Vous ne me surprendrez jamais à jurer à la chaîne. Le pouvoir et l’attrait du langage paillard résident dans sa capacité à désarmer. Quelqu’un comme Snooki pue le blasphème, de son pouf à sa bague d’orteil. Vous n’êtes pas surpris quand elle fait exploser six F-bombs dans une phrase. Je compare ce genre d’abus à un excès d’accessoirisation. Si une phrase – ou une petite robe noire – nécessite des bijoux audacieux, un foulard en soie et un fedora, il est temps de réévaluer votre garde-robe ou votre vocabulaire. Je préfère une femme qui peut jurer de façon décontractée avec originalité, élégance et autorité. Carole Lombard a gagné le surnom de « l’ange profane » parce qu’elle avait l’apparence d’une sylphide mais jurait comme un débardeur.

Mais mon icône personnelle à la langue bien pendue sera toujours la regrettée Elizabeth Taylor. Il y a une dizaine d’années, je l’ai interviewée dans sa maison de Bel Air, avec sa moquette d’un blanc de sables mouvants et son Baccarat aveuglant sur toutes les surfaces. On m’avait prévenu qu’elle pouvait être aussi imprévisible qu’une anguille électrique. J’étais pétrifié. Mais quelques minutes après mon arrivée, Taylor a qualifié la teinte de son pot de brillant à lèvres rose vif de « salope » et m’a dit qu’un certain collègue « m’a vraiment gercé le cul ». Elle a ensuite raconté une dispute avec Richard Burton dans un avion qui était autorisé à décoller. Taylor a eu le pressentiment que l’avion allait s’écraser. Elle s’est tournée vers son mari et a dit : « Au diable les bagages. Je m’en vais. » Entendre cette légende de l’écran d’une soixantaine d’années – et une dame, qui plus est – parler comme une femme m’a mis à l’aise. Johnny Depp a dit un jour que Taylor « jurait comme un marin et qu’elle était hilarante »

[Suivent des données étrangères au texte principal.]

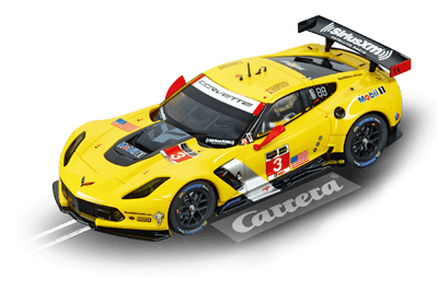 La voiture de course américaine numéro 1 Avec un moteur V8 de 5,5 litres, la Chevrolet Corvette C7.R est une attaquante lors des prestigieuses courses telles que Daytona ou Le Mans an. Au volant de la Corvette, le pilote Oliver Gavin. Cette voiture de course GT s’inspire de la Corvette C7 Stingray et y rajoute de nombreuses innovations techniques. Le clou absolu est le nouveau châssis en aluminium dont la rigidité est de 40 pour cent plus élevée que celle du modèle précédent, le C6.R. La Chevrolet Corvette C7.R DIGITAL 132 Carrera remporte tous les suffrages grâce à ses feux avant, sa fonction de feux arrière/de freinage et ses finitions exactes reflétant l’originale. Cette voiture Carrera peut être codifiée individuellement, elle est contrôlable de manière numérique et elle apporte un authentique plaisir de conduite. [texte Carrera]

Mais contrairement à moi, Taylor n’avait pas à l’époque une petite fille qui mimait chacun de ses mots. De plus, les célébrités n’ont pas vraiment besoin de piloter leur chemin dans la société polie. En vieillissant, je remarque que mes pairs s’autocensurent désormais et j’ai l’impression d’être la dernière fille au bar, qui bafouille et renverse son cocktail. Je ne me souviens pas que quelqu’un ait dit « dernier appel » lorsqu’il s’agit de jurer. Certains amis me disent qu’ils ont perdu cette habitude lorsqu’ils sont devenus parents. L’une d’entre elles dit qu’elle a cessé d’utiliser la grande kahuna des jurons après avoir dit « Je suis tellement heureux pour eux, putain » lors d’un toast de mariage enregistré en vidéo.

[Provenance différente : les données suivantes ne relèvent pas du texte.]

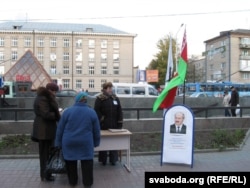 Па-над пікетам вылучэнца на прэзыдэнцтва ад партыі БНФ Рыгора Кастусёва лунае бел-чырвона-белы сьцяг. На стэндзе — біяграфія прэтэндэнта на тарашкевіцы. У фронтаўскага актывіста Віталя Макаранкі пытаюся, на якой мове ён гаворыць з падпісантамі:

Ah, la gaffe involontaire. Je ne fais pas non plus confiance à mon cerveau ou à ma langue. En 1945, Emily Post a écrit une chronique sur le blasphème qui me profilait à merveille. Elle soulignait que « les pires de toutes sont les femmes normalement bien élevées qui ne sont même pas conscientes de la fréquence à laquelle elles utilisent des gros mots. »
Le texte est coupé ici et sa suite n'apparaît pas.